Um aluno da Escola EB 2/3 Augusto Moreno, de Bragança, terá empurrado ontem uma professora, alegadamente por causa de um telemóvel, tendo ambos sido transportados para o hospital depois de chamada a PSP e os bombeiros.
Segundo apurou a Lusa junto das duas instituições, o caso terá ocorrido durante uma aula de substituição à hora de almoço. O aluno terá empurrado a professora, que caiu de costas, depois de esta lhe ter chamado várias vezes a atenção por alegadamente estar a ouvir música no telemóvel.
A professora chamou o Conselho Executivo à sala da biblioteca, onde decorria a aula, e seguidamente foi solicitada a presença da polícia, que tomou conta da ocorrência.
Foram também chamados os bombeiros, por volta das 12h57, de acordo com do Centro Distrital de Operações e Socorro (CDOS) de Bragança, que confirmou à Lusa ter registo da ocorrência como “uma queda”.

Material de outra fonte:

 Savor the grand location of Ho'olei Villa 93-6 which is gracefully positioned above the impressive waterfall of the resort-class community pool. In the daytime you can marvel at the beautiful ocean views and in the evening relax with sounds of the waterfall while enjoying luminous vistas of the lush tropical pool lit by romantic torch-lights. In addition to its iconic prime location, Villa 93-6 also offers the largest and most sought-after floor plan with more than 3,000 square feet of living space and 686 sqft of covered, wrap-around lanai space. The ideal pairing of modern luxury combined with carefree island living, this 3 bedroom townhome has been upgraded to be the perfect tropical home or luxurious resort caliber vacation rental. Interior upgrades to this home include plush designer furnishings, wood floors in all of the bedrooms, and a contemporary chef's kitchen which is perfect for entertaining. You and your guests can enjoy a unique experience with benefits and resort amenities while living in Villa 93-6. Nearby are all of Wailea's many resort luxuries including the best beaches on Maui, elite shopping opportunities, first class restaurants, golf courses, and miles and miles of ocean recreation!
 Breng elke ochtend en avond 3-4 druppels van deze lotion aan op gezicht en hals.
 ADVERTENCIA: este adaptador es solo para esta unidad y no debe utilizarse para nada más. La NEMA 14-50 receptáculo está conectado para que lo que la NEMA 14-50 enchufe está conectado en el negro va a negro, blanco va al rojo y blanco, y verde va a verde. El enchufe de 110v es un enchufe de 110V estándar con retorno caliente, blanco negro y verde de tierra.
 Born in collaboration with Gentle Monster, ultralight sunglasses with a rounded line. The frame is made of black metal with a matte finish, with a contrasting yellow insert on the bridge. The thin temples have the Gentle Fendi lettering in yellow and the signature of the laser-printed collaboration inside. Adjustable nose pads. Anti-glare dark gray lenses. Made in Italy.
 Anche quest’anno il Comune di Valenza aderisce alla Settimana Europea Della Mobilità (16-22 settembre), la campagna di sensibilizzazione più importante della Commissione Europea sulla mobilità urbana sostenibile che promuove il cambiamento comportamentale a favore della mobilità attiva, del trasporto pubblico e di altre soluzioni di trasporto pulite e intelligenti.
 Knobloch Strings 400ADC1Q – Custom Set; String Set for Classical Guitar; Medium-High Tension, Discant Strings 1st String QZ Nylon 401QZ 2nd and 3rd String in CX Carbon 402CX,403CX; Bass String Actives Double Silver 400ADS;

Aluno e professora tiveram alta
Segundo as fontes da Lusa, o aluno, de 15 anos, terá sentido um mal-estar (desmaio), já na presença de todos os intervenientes, acabando por ser levado, assim como a professora, para a urgência do Hospital de Bragança. Ambos tiveram alta depois de observados e o aluno foi entregue aos cuidados da mãe, que foi chamada.
Fonte da PSP confirmou a existência da participação feita na sequência da diligência no local do incidente. A professora não formalizou queixa contra o aluno e não precisa fazê-lo, de acordo com a fonte policial.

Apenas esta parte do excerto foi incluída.